ABOUT THIS EXERCISE — In the records below, find the line with "Madrid.—Los ministros de", then retype it and every following line exactly, stopping after the line with "178 | DIAMANT-RING". Leave the pictures out.

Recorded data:
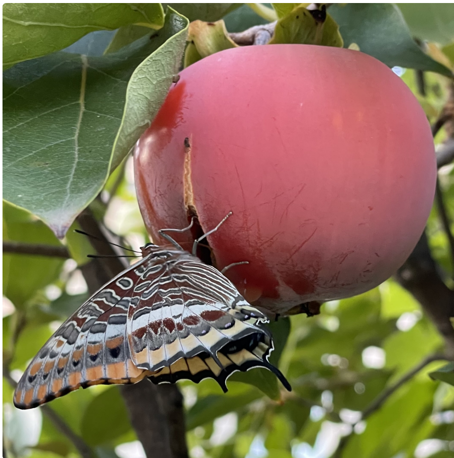
Papillon Jason ou Pacha à deux queues, ou Nymphale de l'arbousier ( Charaxes jasius , Linnaeus, 1767) sur un kaki (au jardin le 6 octobre 2023). Sa chenille se nourrit exclusivement de l'arbousier qui est sa plante hôte. À quelques mètres du plaqueminer (kakis) et des grenadiers, vous pourrez découvrir plusieurs arbousiers au jardin, en fleurs et fruits ces jours-ci. C'est le premier Jasius que nous observons dans le jardin, refuge de la Ligue de Protection des Oiseaux, où nous agissons en faveur de la biodiversité.
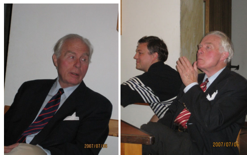
OBERWEIZ NyEMRLSz 2007
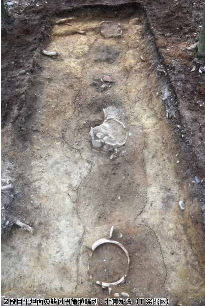
2段目平坦面の鰭付円筒埴輪列：北東から（T 発掘区）
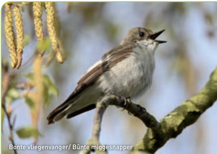
Bonte vliegenvanger / Bunte miggesnapper
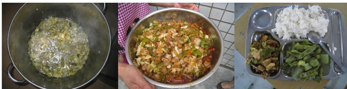
图5 该校当日午餐菜品
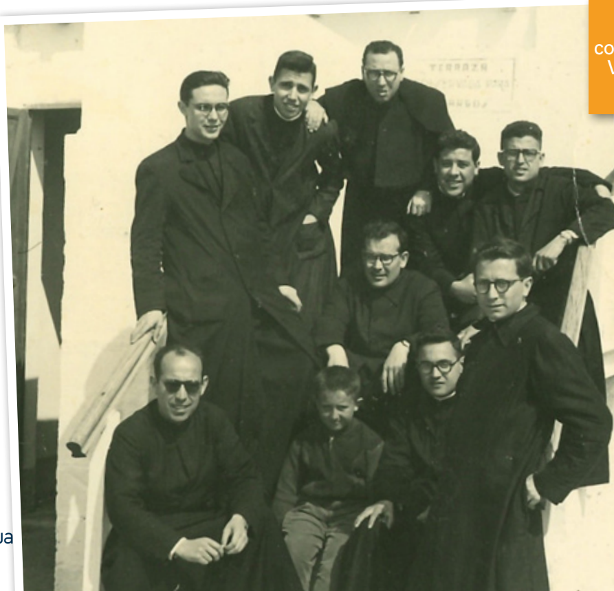
Padres “jóvenes” de la comunidad de Escuelas Pías de Valencia en día de excursión Curso 1953-54

Una sección para recuperar fotografías antiguas de nuestros Archivos que testimonian el trabajo y el esfuerzo de todos los que han ayudado a levantar y sostener la obra de Calasanz.
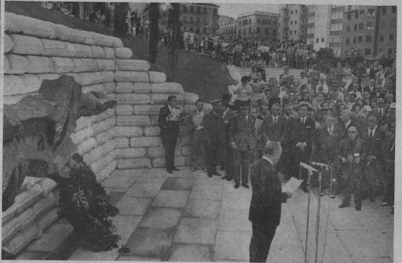
Madrid.—Los ministros de Gobernación, Ejército y Hacienda; alcalde de Madrid, gobernador civil y demás autoridades han inaugurado en la tarde de ayer el monumento a los Caídos del Cuartel de la Montaña. En la foto el señor Arias Navarro dirigiendo unas palabras.—(Foto Europa Press)

Poco después del mediodía continuaban los trabajos para rescatar de los coches siniestrados los últimos cuerpos que aún quedaban por extraer. En estos trabajos participan fuerzas del Ejército, de la Cruz Roja, Guardia Civil, Policía Armada y numerosos campesinos y vecinos de El Cuervo que espontáneamente se ofrecieron a colaborar en estas operaciones.—Cifra.
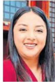
Valeria Cruz Olvera.

:::: La reapertura de un tiradero a cielo abierto en Aculco no solo representa un retroceso en materia ambiental, sino que también es una muestra del desinterés de la administración municipal de Valeria Cruz Olvera por atender una problemática que los vecinos llevan más de una década denunciando. La acumulación de desechos en este sitio pone en riesgo los mantos acuíferos y expone a la población a niveles alarmantes de contaminación, lo que hace urgente una intervención por parte del gobierno estatal. Ignorar estas advertencias no solo afecta la salud de los habitantes, sino que contribuye al deterioro del entorno, afectando también la calidad de vida y la actividad económica de la región. El hecho de que la basura sea depositada durante la madrugada, en el marco de campañas de limpieza, genera dudas sobre la transparencia de estas acciones y deja entrever una estrategia para ocultar el problema en lugar de resolverlo.
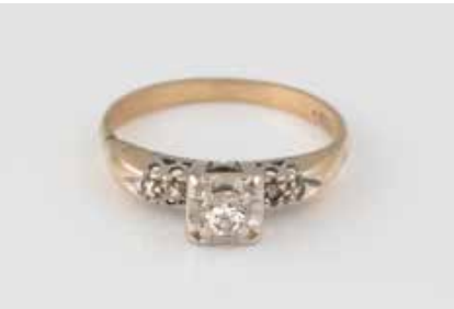
178 | DIAMANT-RING Gelbgold, Weißgold. Ringmaß ca. 53, Ges.-Gew. ca. 2,3 g. Gest. 585. Ein Brillant, ca. 0,15 ct., vier Diamanten im 8/8-Schliff, zus. ca. 0,02 ct. € 50,-
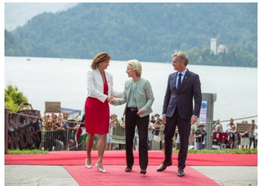
Od leve proti desni ministrica za zunanje in evropske zadeve Tanja Fajon, predsednica Evropske komisije Ursula von der Leyen, predsednik vlade Robert Golob
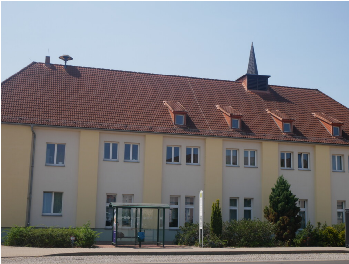
ehem. Gemeindeamt Zschornegosda Prinz-Lichtspiele
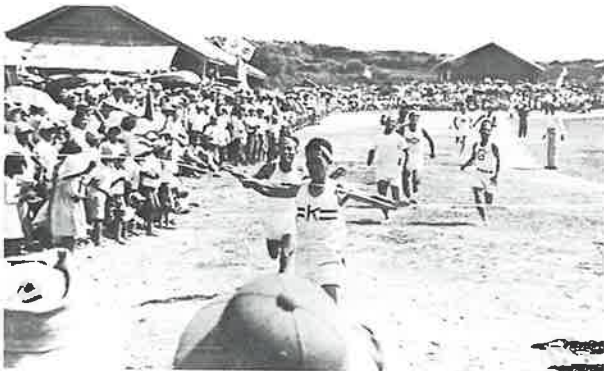
仲西小学校グラウンドでの浦添村内各字対抗陸上競技大会 1950年代（昭和25年）

WRITTEN ANSWER —
Madrid.—Los ministros de Gobernación, Ejército y Hacienda; alcalde de Madrid, gobernador civil y demás autoridades han inaugurado en la tarde de ayer el monumento a los Caídos del Cuartel de la Montaña. En la foto el señor Arias Navarro dirigiendo unas palabras.—(Foto Europa Press)

Poco después del mediodía continuaban los trabajos para rescatar de los coches siniestrados los últimos cuerpos que aún quedaban por extraer. En estos trabajos participan fuerzas del Ejército, de la Cruz Roja, Guardia Civil, Policía Armada y numerosos campesinos y vecinos de El Cuervo que espontáneamente se ofrecieron a colaborar en estas operaciones.—Cifra.
Valeria Cruz Olvera.

:::: La reapertura de un tiradero a cielo abierto en Aculco no solo representa un retroceso en materia ambiental, sino que también es una muestra del desinterés de la administración municipal de Valeria Cruz Olvera por atender una problemática que los vecinos llevan más de una década denunciando. La acumulación de desechos en este sitio pone en riesgo los mantos acuíferos y expone a la población a niveles alarmantes de contaminación, lo que hace urgente una intervención por parte del gobierno estatal. Ignorar estas advertencias no solo afecta la salud de los habitantes, sino que contribuye al deterioro del entorno, afectando también la calidad de vida y la actividad económica de la región. El hecho de que la basura sea depositada durante la madrugada, en el marco de campañas de limpieza, genera dudas sobre la transparencia de estas acciones y deja entrever una estrategia para ocultar el problema en lugar de resolverlo.
178 | DIAMANT-RING Gelbgold, Weißgold. Ringmaß ca. 53, Ges.-Gew. ca. 2,3 g. Gest. 585. Ein Brillant, ca. 0,15 ct., vier Diamanten im 8/8-Schliff, zus. ca. 0,02 ct. € 50,-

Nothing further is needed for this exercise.